Bibliometrics is a set of methods to quantitatively analyze scientific and technological literature in order to study the research activity itself. Large sets of bibliographic data are turned into advanced indicators for productivity, research profiles, scientific developments, research fronts, collaboration patterns, and citation impact.
Bibliometric studies have been carried out at NIFU since 1985. The studies have varied from basic research projects to bibliometrics for research evaluations, mapping of research fields and collaboration networks, and advanced bibliometric indicators for annual statistical reports.
NIFU carries out bibliometric research and analyses for various organizations, for example, the Research Council of Norway, the Norwegian Ministry of Education and Research, the Norwegian Ministry of Health and Care Services, the Norwegian Association of Higher Education Institutions, NordForsk (Nordic Council of Ministers), the The Danish Ministry of Science, Innovation and Higher Education, and the EU commission.
Examples of previous projects with bibliometric studies can be divided into five categories:
- Monitoring of scientific development: includes analyses of trends in the performance of particular scientific disciplines and countries, for example the level of the activity in terms of number of publications and the citation rates of these publications.
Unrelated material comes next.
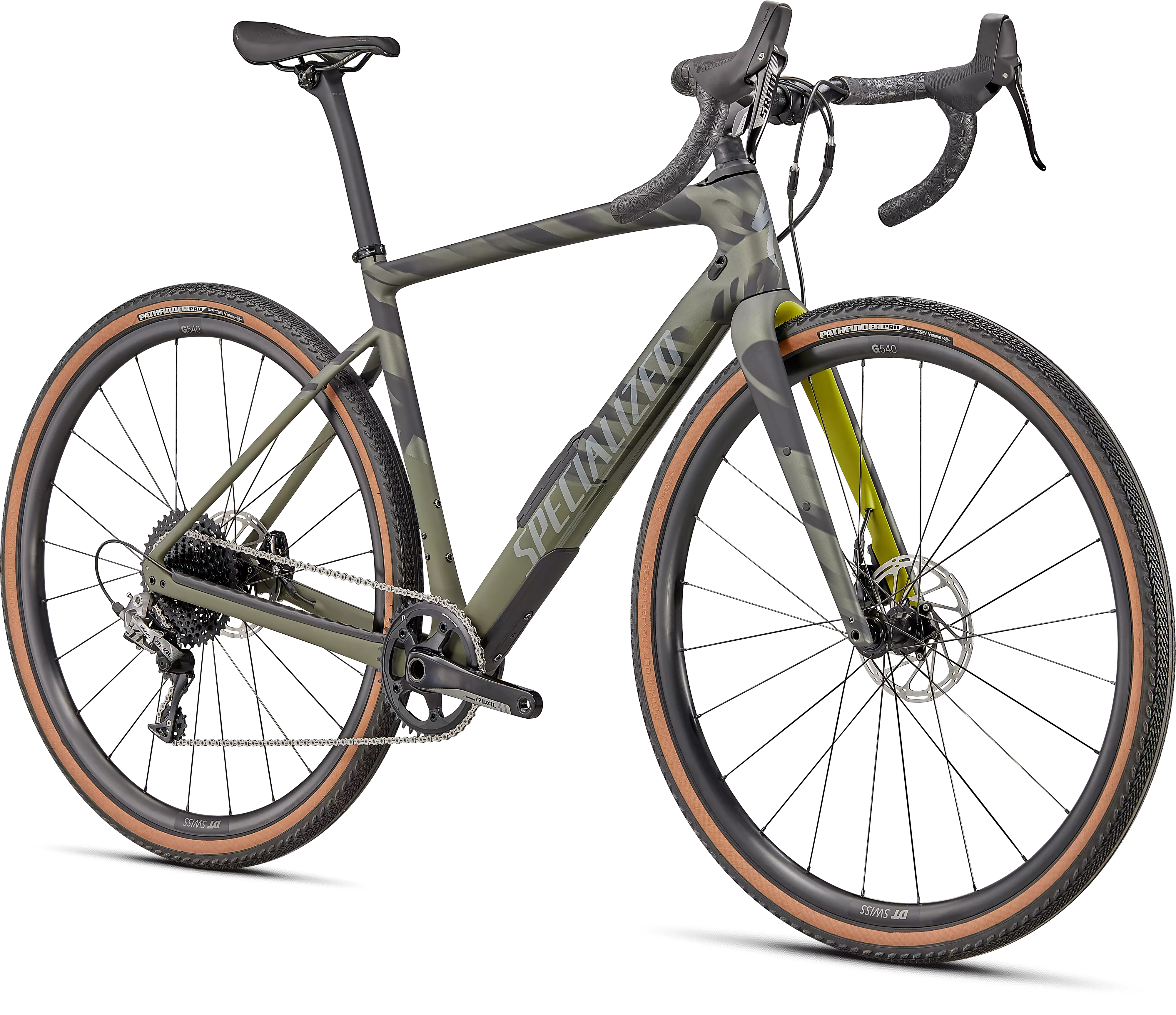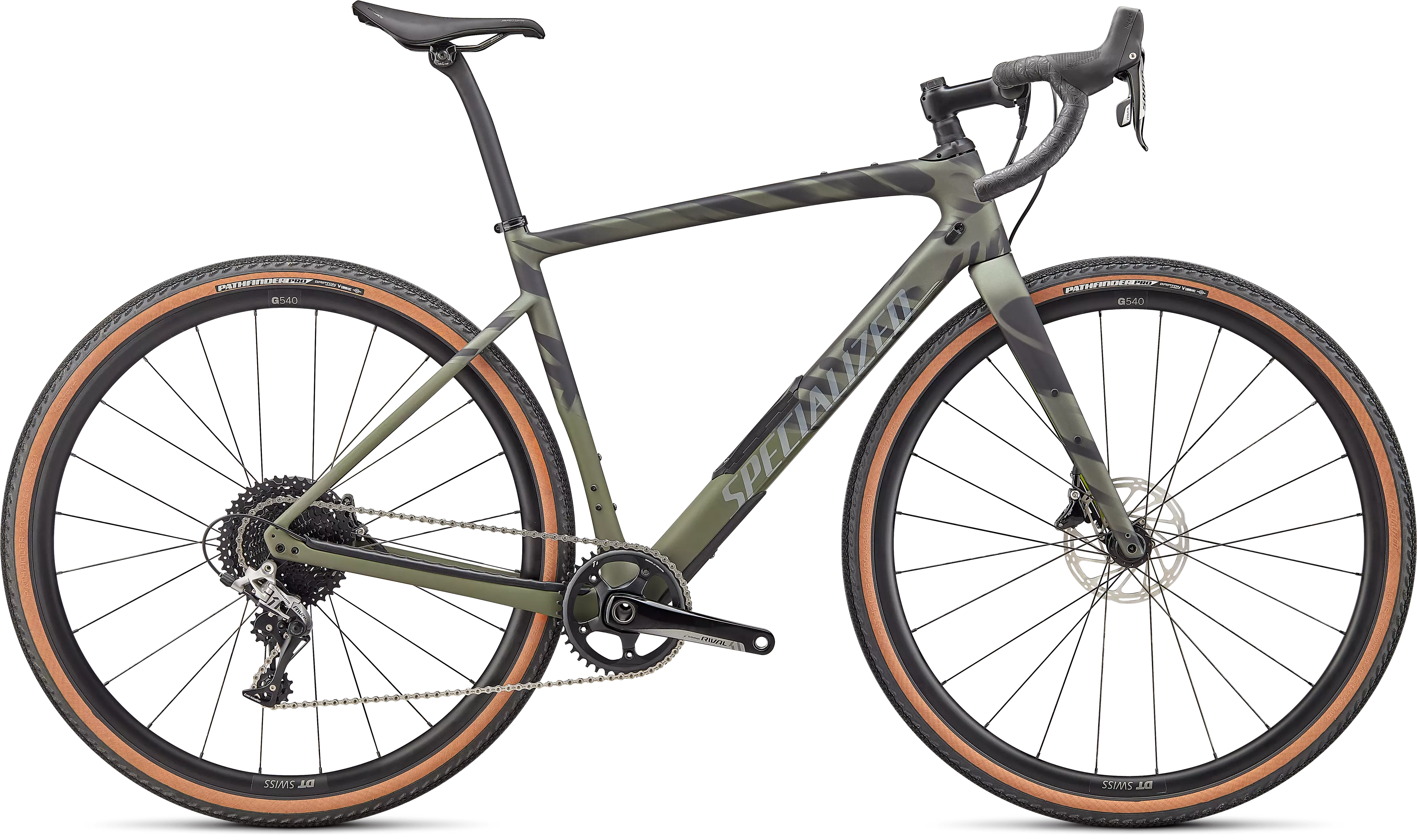 La Diverge Comp Carbon presenta el mismo cuadro de carbono FACT 9r y Future Shock 2.0 que la Pro, pero con el grupo de gravel SRAM Rival 1 1x11 de cambio mecánico. Las ruedas de aluminio DT Swiss G540 te mantienen rodando de manera eficiente, mientras que los neumáticos Pathfinder Pro de 42 mm, ganadores de Kanza, ofrecen rendimiento en asfalto liso, caminos de tierra y pistas de grava. Para darle a la Diverge Comp una conducción perfectamente equilibrada, montamos la tija de sillín Terra de Roval.

Typically, comparisons are made between countries or institutions. Such analyses and data are often included in white papers on research and in other science policy documents. In particular, bibliometric indicators are used for this purpose in the Report on Science & Technology Indicators for Norway, which is published annually by the Research Council of Norway. The report contains a broad range of input and output indicators. Bibliometric data are used to construct indicators of the output and impact of the research system, and of international collaboration in research.
- Research evaluations: Increasingly, bibliometrics analyses have been provided as part of research evaluations in Norway. Here, bibliometric data and indicators are used as information for the peer-review process in the assessment of the research performance. Our analyses have covered evaluations of institutions (seldom), programmes (more often) and disciplines (regularly).
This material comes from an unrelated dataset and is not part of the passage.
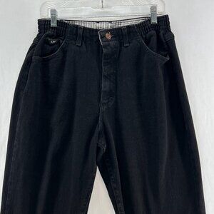 Lee Mom Jeans Womens 12P High Rise Tapered Elastic Waist Denim Relaxed Fit Black
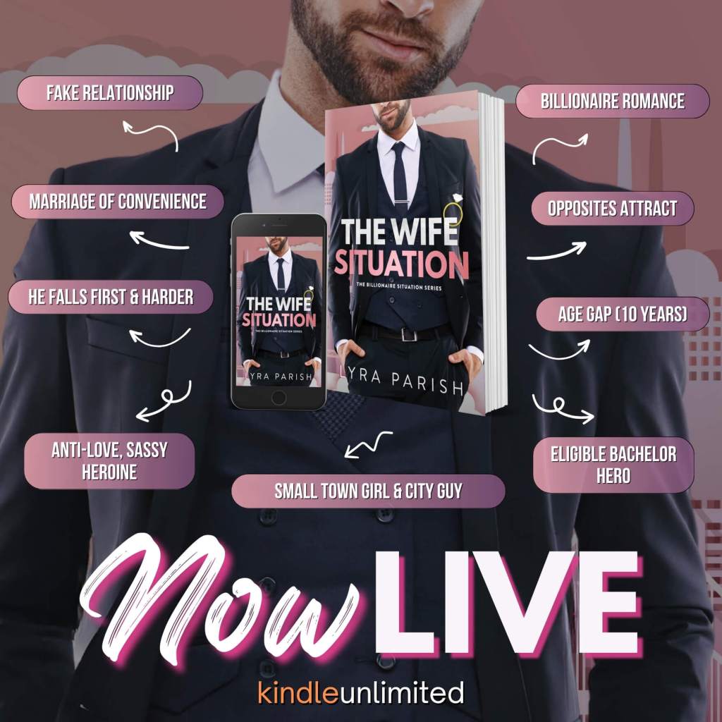 The Wife Situation is a billionaire, age gap, marriage of convenience romance with a happily ever after! It’s a stand-alone with open-door scenes. Included: a rich AF hero who’s a professional on the streets, but a bad boy in the sheets and isn’t afraid to call his little heartbreaker my wife.

- Complete publication data for performance based funding of three main research sectors: NIFU has been involved in the development of funding models based on bibliometric data. Such systems have now been developed for three sectors: Hospitals (since 2003), developed for the Ministry of Health and Care Services; Higher Education Sector (since 2004), developed for the Norwegian Association for Higher Education Institutions; The institute sector (as of 2008), developed for the Research Council of Norway. Although the models differ slightly, the basic principle is bibliometric indicators where publications are weighted and counted in a way that balances between field specific publications patterns, thereby making them comparable also across the three sectors just mentioned.
- Field studies: NIFU’s bibliometric analyses have been included in studies of research fields and disciplines. For example, NIFU has carried out analyses of polar research and fuel cell and hydrogen technology as well as wind, solar photovoltaic, CO2 capture and storage and second generation biofuels where bibliometric indicators have been used for mapping the structure and development of the research activities.
- Scientific contributions: NIFU has regularly published scientific contributions within the field of bibliometrics. Among are two doctoral dissertations: Svein Kyvik: Productivity in Academia (1991); and Dag W. Aksnes: Citations and their use as Indicators in Science Policy (2005). Examples of some recent publications can be found in the reference list of this document and in the CVs of NIFU’s team for this project. The scientific studies cover a wide range of issues within many areas of bibliometrics, from patents studies to methodological issues. A common characteristic is, however, a science policy approach. Four research areas can be mentioned specifically: Journal impact factors (Per O. Seglen), productivity studies (Svein Kyvik), citation indicators (Dag W. Aksnes), and studies of collaboration patterns, development of bibliometric funding models, and studies of publication patterns in the humanities and social sciences (Gunnar Sivertsen).